Well, yeah. If you set your price at $100, and then only after the campaign closes calculate that your BOM cost is $129, and your overall COGS is $179 (!), it's a bit odd to blame Kickstarter...

Not to mention, it's all well and good wanting to keep your manufacturing in the US (and there's obviously cost, efficiency and hassle benefits in many cases), but if you're making $90000 worth of product it's not going to be cheaper...

This was just a red herring on his part; I mean his BOM was $125 so even if he would've gone to China, his COGS would still be $130-140 instead of $179.

Nothing wrong with subsidizing goods if that was part of the business plan all along, but it kinda stinks if you couldnt do basic math and than turn around to blame the platform and in effect the backers for the supposed "losses".

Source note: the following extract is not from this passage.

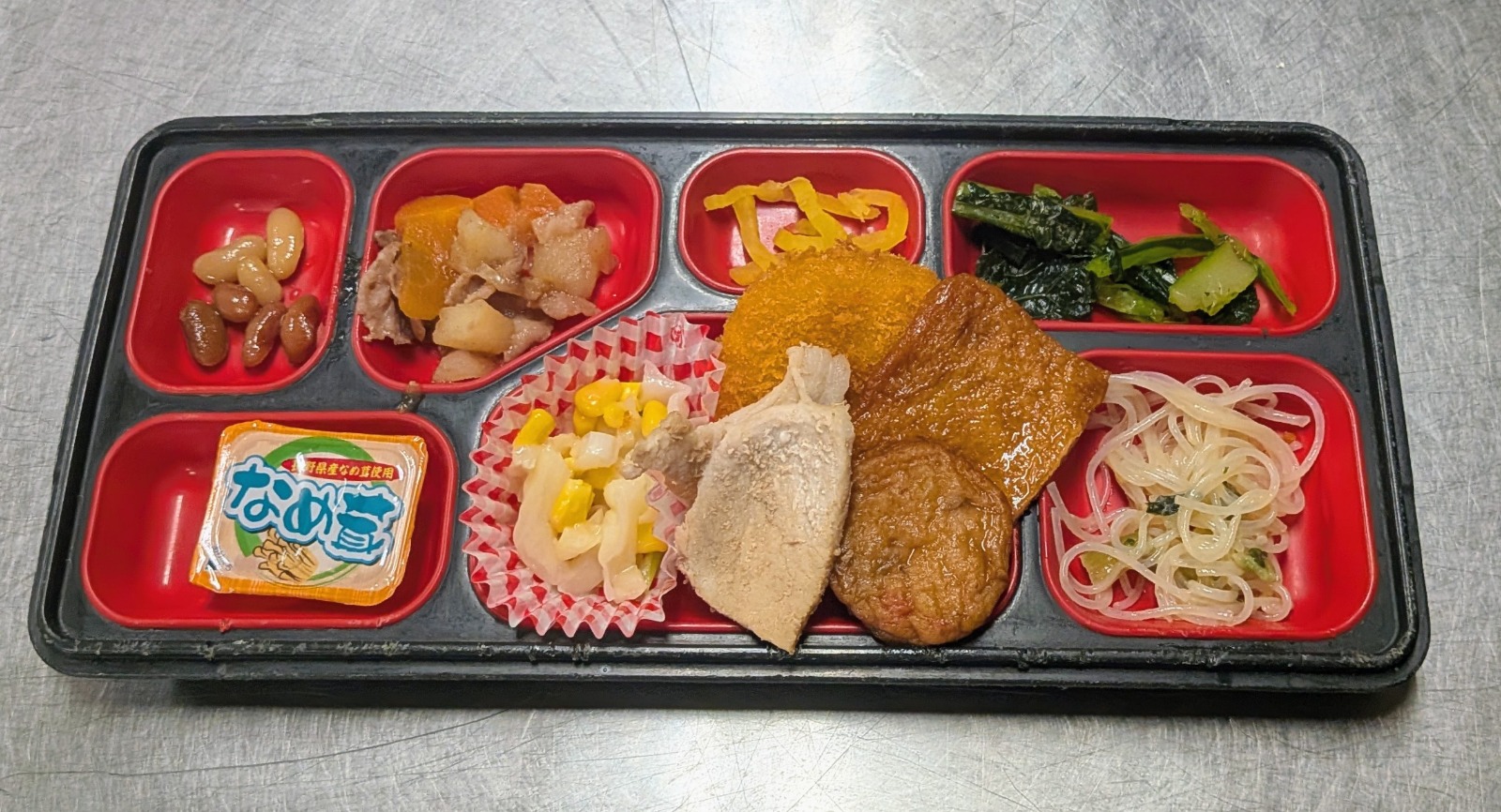 野菜コロッケ、茹で豚、牛蒡紅生姜揚げ半、キャベツとコーンサラダ、肉じゃが、春雨山葵和え、なめ茸

Well, that kind of depends on how the BOM was calculated... If it was based on for example Digikey quotes then a lot of savings would be possible (but at the expense of a lot of time investment, and that might not have been practical for them). Of course if one just goes naively to a regular CM then the quote coming back will be within 10% of Digikey prices too, and they'll pocket the difference.

It also depends on the makeup of the BOM, connectors & passives can be a lot cheaper in China, as are commonly used chips. But then looking at the schematic the Zynq-Z7010 alone eats up almost half the BOM cost and that one won't come much cheaper in China either so they really didn't have much hope.